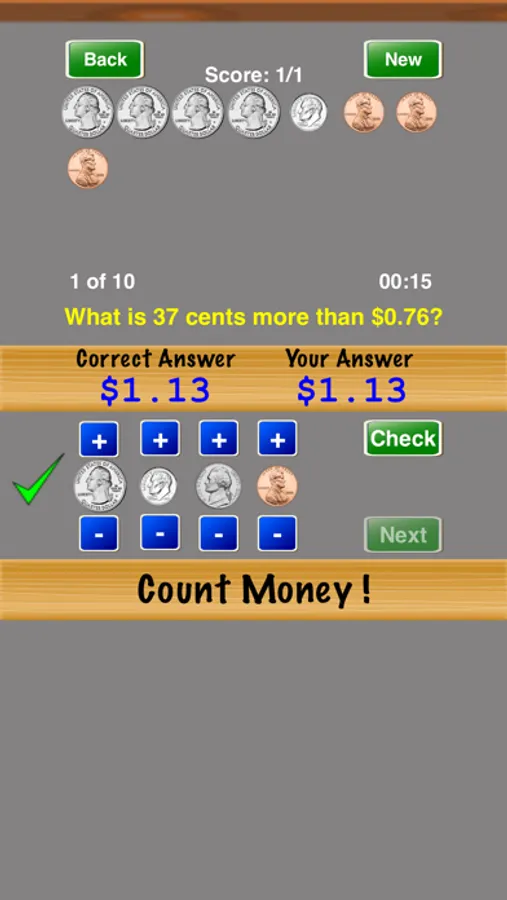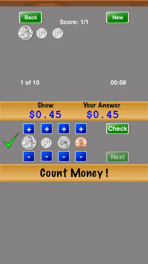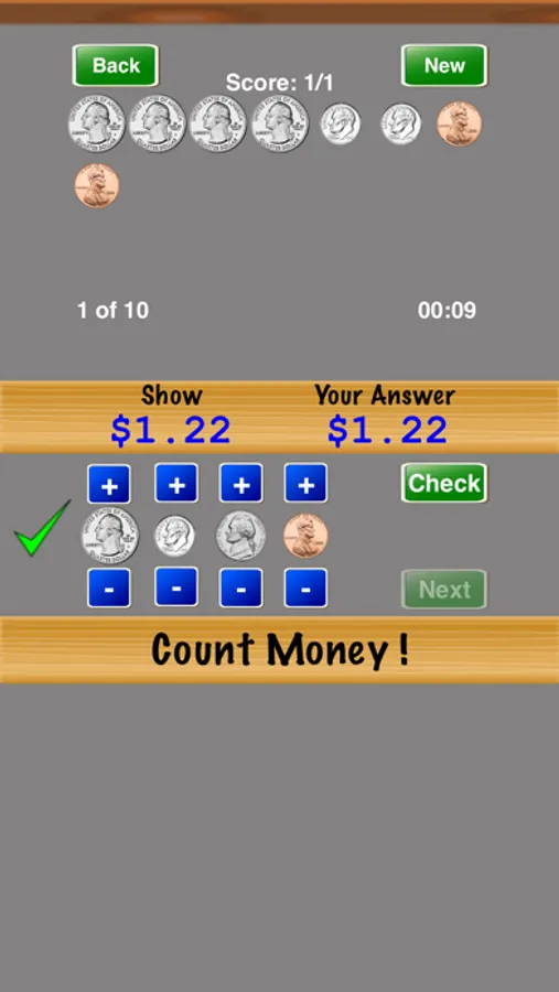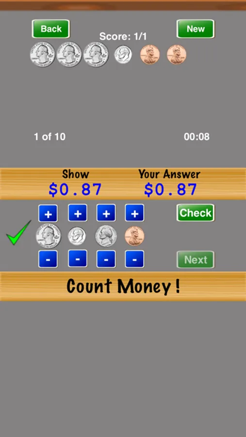 Count Money ! is a great way to practice counting money. Select the difficulty level and number of problems in the "Settings" screen. Progress through the difficulty levels until you master counting money.
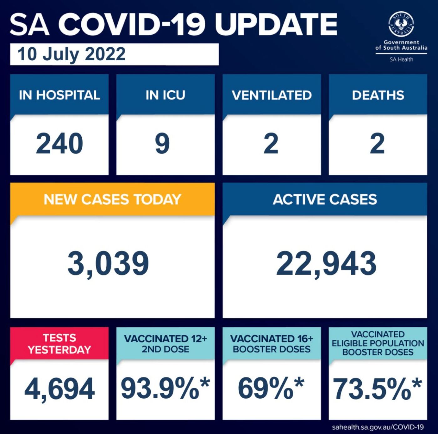 在过去的24小时里,南澳新增3039例,2人死亡! 目前南澳有22,943个活跃病例。 南澳卫生部证实,有2人死亡,是一名50多岁的妇女和一名90多岁的妇女。 目前南澳有240名COVID-19患者住院,其中9人在重症监护室 ...
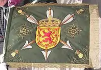 The Royal Company has two standards. The first of these bears on one side Mars and Cupid encircled in a wreath of thistles, with this motto: In peace and war. On the other, a yew tree, with two men dressed and equipped as archers, encircled as the former motto: Dal gloria vires (Glory Gives Strength). The other standard displays on one side, on a field or, a lion rampant gules, encircled with a double tressure flory-counter flory of the second (the Royal Arms of Scotland); on the top, a thistle and crown, motto: Nemo me impune lacessit (no one provokes me with impunity). On the other, St Andrew on the cross on field argent; at the top, a crown, motto: Dulce pro patria periculum (danger is sweet for one's country).[27]
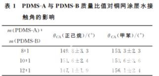 表1 PDMS-A與 PDMS-B質(zhì)量比值對銅網(wǎng)涂層水接 觸角的影響 m(PDMS-A)∶ m(PDMS-B) θCA(正己烷)/(°) θCA(甲苯)/(°) 8∶1 149.8±3.3 153.3±2.3 10∶1 151.6±2.4 153.6±3.6 12∶1 147.1±1.9 156.1±2.4 Sylgard184包含兩個組分,其中 PDMS-A 溶液為乙烯基封端的 PDMS,PDMS-B為甲基氫基硅氧 烷共聚物、含鉑催化劑、抑制劑所組成的固化劑。不同的 PDMS-A 與 PDMS-B配比影響 PDMS的固化 速率與固化程度,進而影響粒子的運動能力,因而影響成膜情況及涂層表面接觸角。另一方面,在成膜 過程中,溶劑的揮發(fā)速率也能影響粒子的運動,從而對膜的表面形貌及粗糙度造成影響。因此我們首先固定浸涂液組分為2.5gPDMS與3.125gSiO2,將 兩者溶解在50mL正己烷或甲苯溶液中,銅網(wǎng)在浸涂 液 中 的 浸 泡 時 間 為 5 min,銅 網(wǎng) 的 提 拉 速 度 為 0.05mm/s,涂層的固化溫度為80℃。改變PDMS-A 與 PDMS-B 的 質(zhì) 量 比,考察其對銅網(wǎng)涂層水接觸 角 (θCA)的影響,同時比較溶劑正己烷與甲苯對成膜后水 接觸角的影響。其結(jié)果見表1。
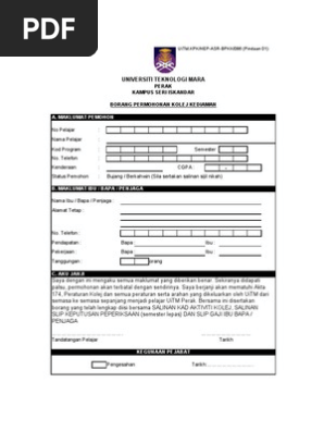Borang permohonan kolej kediaman rayuan pdf download 2. Uitm perak s logo seri iskandar pdf. Pastikan anda menekan butang sah hantar bagi menghantar borang permohonan.
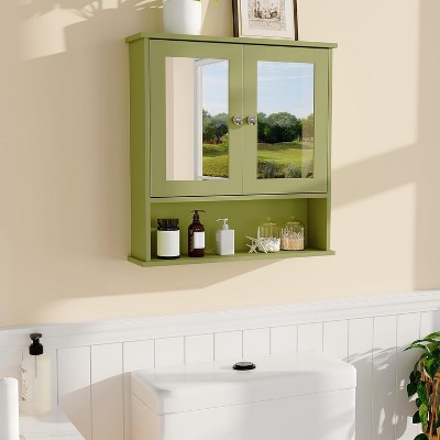 Racxily Black 30x28 Inch Wall Mounted Medicine Cabinet with Mirror and 3 Open Shelves Modern Bathroom Storage
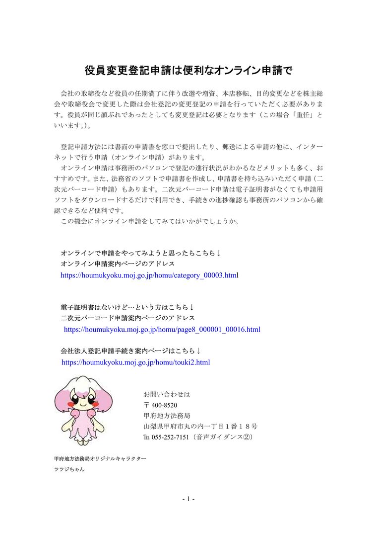 【甲府地方法務局】役員変更登記申請は便利なオンライン申請で!
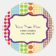 An address sticker featuring a background of rows of dots in various sizes and bohemian inspired shades of pink, purple, orange, blue, and green. Personalise with your name and address inside purple frame. Look for matching items at Jill's Paperie.
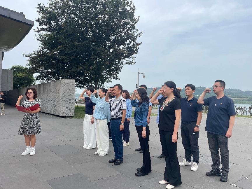 全体党员在李庄抗战博物馆广场进行了庄严的重温入党誓词。
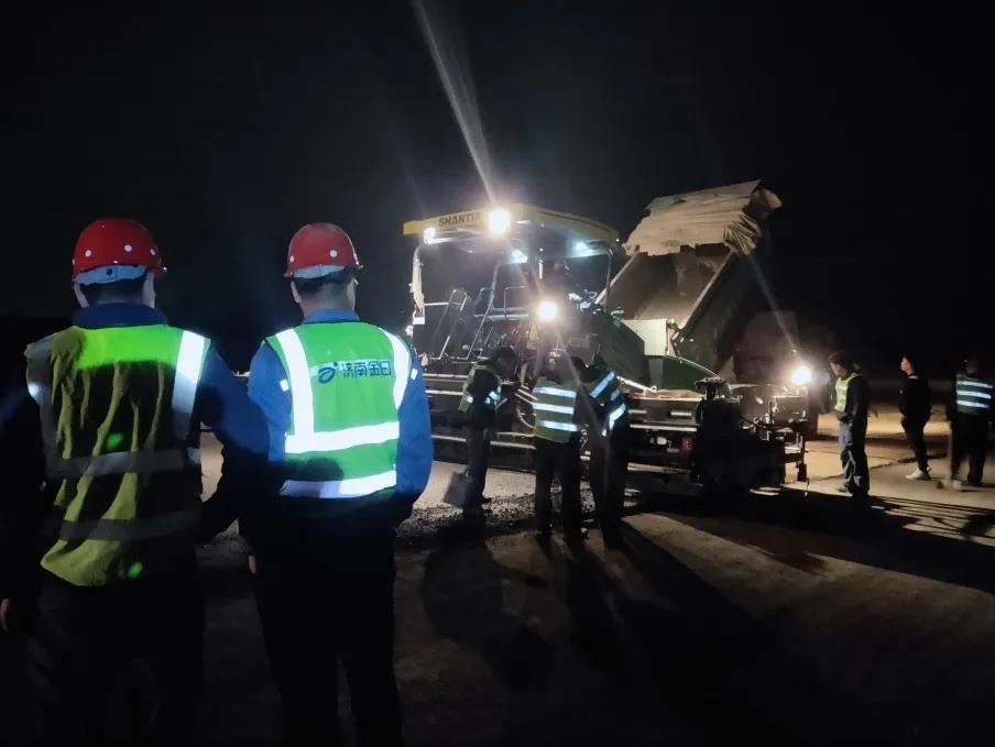 春節(jié)期間,預(yù)制梁也從未間斷生產(chǎn),為保證預(yù)制梁生產(chǎn)架設(shè)工作,綜合場站內(nèi)管理人員與工人共計20余人,始終堅守崗位,并組織成立青年突擊隊,進行交通導(dǎo)改、箱梁架設(shè),順利跨越青銀高速(青島至銀川方向)。全面復(fù)工后,項目生產(chǎn)、防疫兩手抓,為降低傳播風險,根據(jù)實際情況進行分散施工,陸續(xù)在工地上開展了預(yù)制梁澆筑、架設(shè)、路基翻曬碾壓、橋面鑿毛、現(xiàn)澆梁施工、場地硬化等多個作業(yè)面。

(REQUIRED ACTION): Skipping the pictures, print the lines in the listing above exactly as written, starting at the line with "An address sticker" and ending at the line with "全体党员在李庄抗战博物馆广场进行了庄严的重温入党誓词。", both included.

(ANSWER SPACE):
 An address sticker featuring a background of rows of dots in various sizes and bohemian inspired shades of pink, purple, orange, blue, and green. Personalise with your name and address inside purple frame. Look for matching items at Jill's Paperie.
 全体党员在李庄抗战博物馆广场进行了庄严的重温入党誓词。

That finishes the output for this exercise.